Why ancient Sumerian map still causes controversy?

Is it possible that the ancient Sumerians observed and recorded the fall of the asteroid Aten more than 5000 years ago? Atens – asteroids that cross the earth’s orbit

For over 150 years, scientists have been trying to unravel the mystery of a controversial cuneiform clay tablet that points to the so-called Köfels Impact Event observed in antiquity.

The Ashurbanipal Library was the first of its kind in history. In it, the King collected many clay tablets containing various sources of knowledge. Many such ancient records are housed in London and various other museums around the world.

The round stone tablet was recovered from the underground library of King Ashurbanipal in Nineveh (Iraq) at the end of the 19th century. Long thought to be an Assyrian tablet, computer analysis compared it to the sky over Mesopotamia in 3300 BC. and proves that he has a much older Sumerian origin than previously thought.
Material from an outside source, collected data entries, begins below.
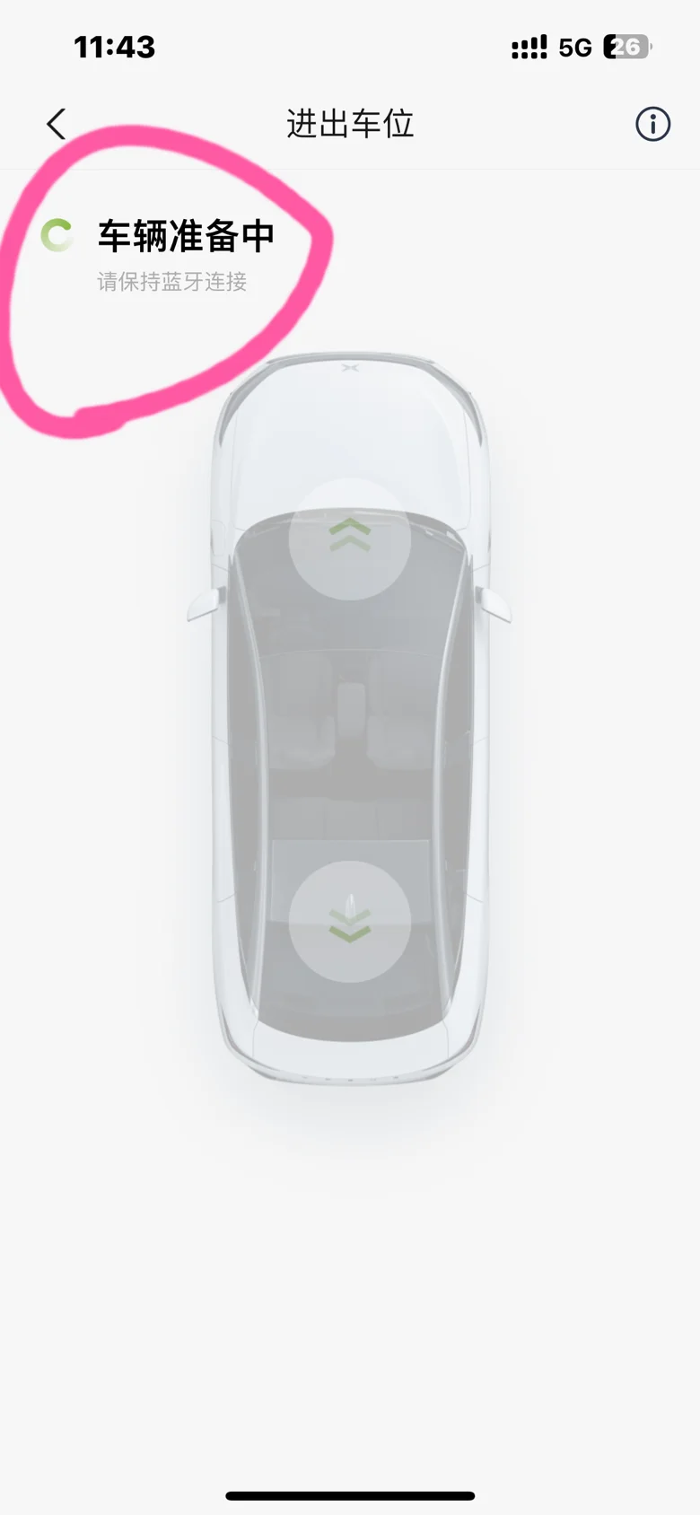2️⃣点击“进出车位”,就会打开显示了咱小鹏P5车辆轮廓阴影状态,页面左上角显示“车辆准备中”,请保持蓝牙连接。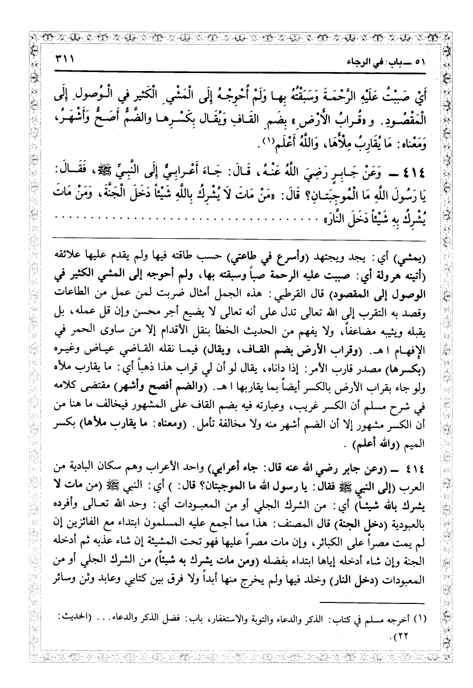 3414 - (وعن جابر رضي الله عنه قال: جاء أعرابي) واحد الأعراب وهم سكان البادية من العرب (إلى النبي فقال: يا رسول الله: ما الموجبتان؟ قال) أي النبي (من مات لا يشرك با شيئاً) أي من الشرك الجلي أو من المعبودات: أي وحد الله تعالى وأفرده بالعبودية (دخل الجنة) قال المصنف: هذا مما أجمع عليه المسلمون ابتداءً مع الفائزين إن لم يمت مصرّاً على الكبائر، وإن مات مصرّا عليها فهو تحت المشيئة إن شاء عذبه ثم أدخله الجنة» وإن شاء أدخله إياها ابتداءً بفضله (ومن مات يشرك به شيئاً) من الشرك الجليّ أو من المعبودات (دخل النار) وخلد فيها ولم يخرج منها أبداً لا فرق بين كتابي وعابد وثن وسائر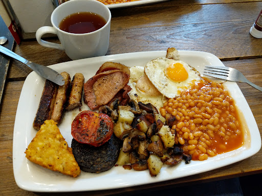 Read moreFabulous! Having completed a 26 mile charity hike the day before we woke up in need of a substantial breakfast to replace all the calories we lost. And Porky's didn't disappoint. Now I'll just add, and no disrespect to the owners, but you don't come here for fine dining. We had a small and large breakfast between us, both come with a hot drink included, at the amazingly good value price of £6.95 (small) and £9.95 (large). Literally the works on a plate including amazing hash browns, black pudding, beans, bacon, sausages, eggs, toast and tomatoes. Phew! The food was nicely cooked, not at all greasy, and served with a smile from the very friendly staff. We won't be coming every day, not least because I live in Northamptonshire, but it'll certainly be a breakfast of choice when I visit my daughter in...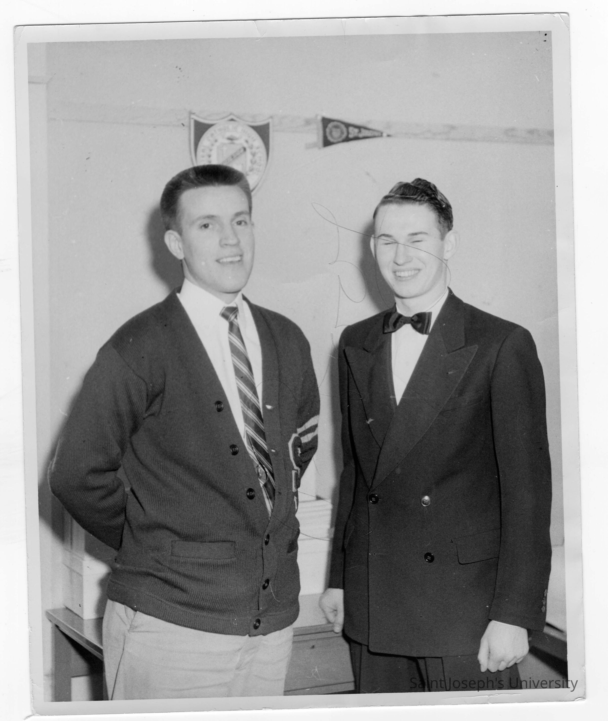 Two students of Barry Hall, one wearing letter sweater and the other a tuxedo.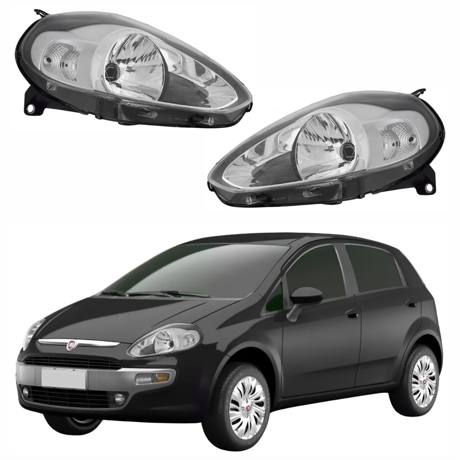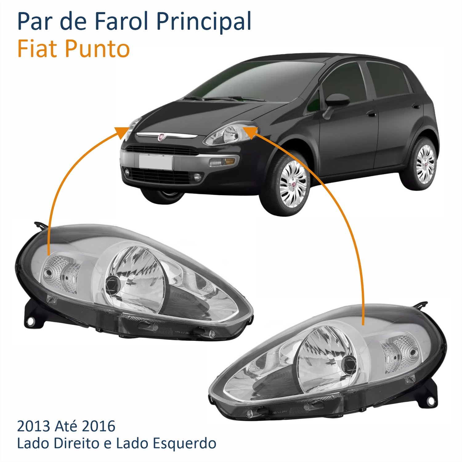 Par de Farol Fiat Punto 2013 Até 2016 Máscara Cromada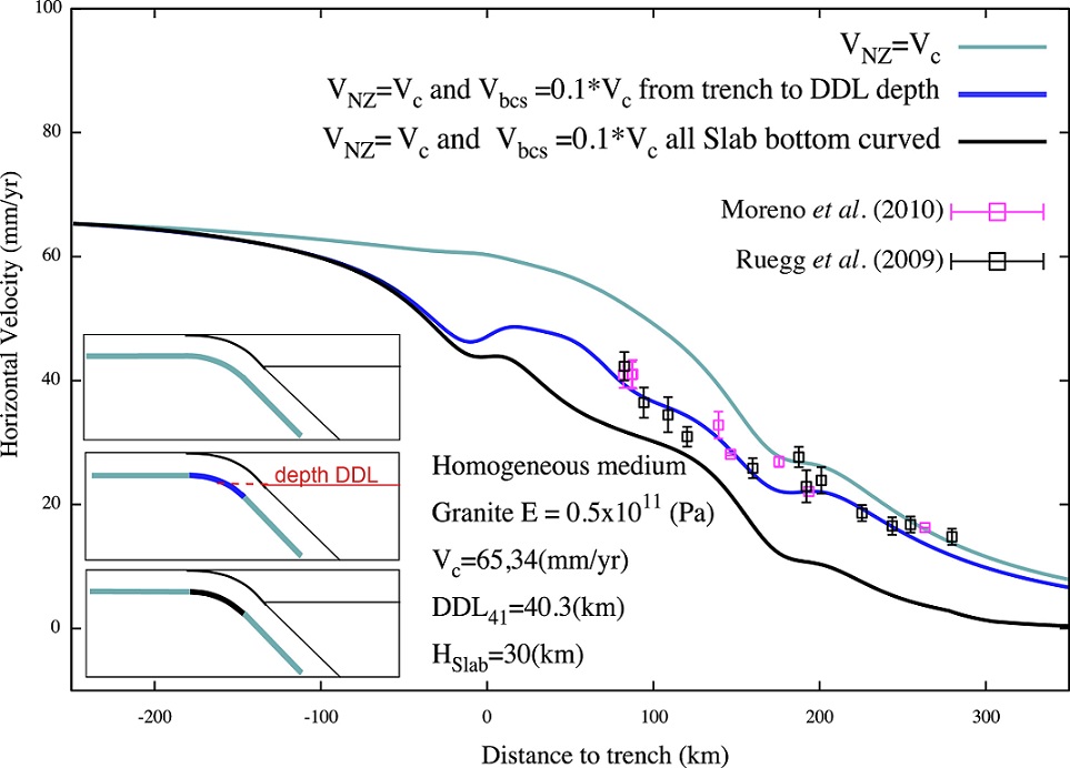We then show that this misfit can be corrected by introducing a reduction in the velocity at the bottom of the subducting plate below the coupling zone. Now we consider the same configuration as described in the previous section, but we modify the velocity distribution along the bottom boundary of the subducting plate, as illustrated with arrows of different colors in figure 8. One configuration considers that this basal velocity is constantly reduced by a factor γ=0.1 with respect to. When we apply this velocity reduction to the entire curved bottom of the slab, the resulting surface deformation is largely reduced well below the level given by GPS measurements (black curve in figure 9). However, if we apply this reduced velocity along the bottom of the slab from the trench only down to the DDL depth, then the match to GPS observations is strongly improved (blue curve in figure 9).

The Sumerian star map showed observations of the Koefels impact over 5500 years ago. The tablet is an “astrolabe” – the earliest known astronomical instrument. It consists of a segmented, disc-shaped star map with marked angle units inscribed on the rim.

Unfortunately, a significant part of the planisphere is missing from this tablet (about 40%), the damage to which refers to the sack of Nineveh. There is no inscription on the reverse side of the plate.

A cuneiform tablet in the collection of the British Museum known as the “Planisphere” is still being studied by modern scholars. It provides exceptional evidence for the existence of complex Sumerian astronomy.

In 2008, 2 authors, Alan Bond and Mark Hempsell, published a book about the disc-shaped tablet called Sumerian Observation of the Köfels Impact Event.

Raising a storm in archaeological circles, they have translated the cuneiform text and claim that the tablet contains records of an ancient asteroid impact, the Köfels impact, which occurred in Austria around 3100 BC.

The giant landslide, centered on Köfels in Austria, is 500m thick and 5km in diameter and has long been a mystery since geologists first looked at it in the 19th century.

The conclusion reached by studies in the mid-twentieth century was that it must be due to a very strong meteor impact due to evidence of crushing pressures and explosions.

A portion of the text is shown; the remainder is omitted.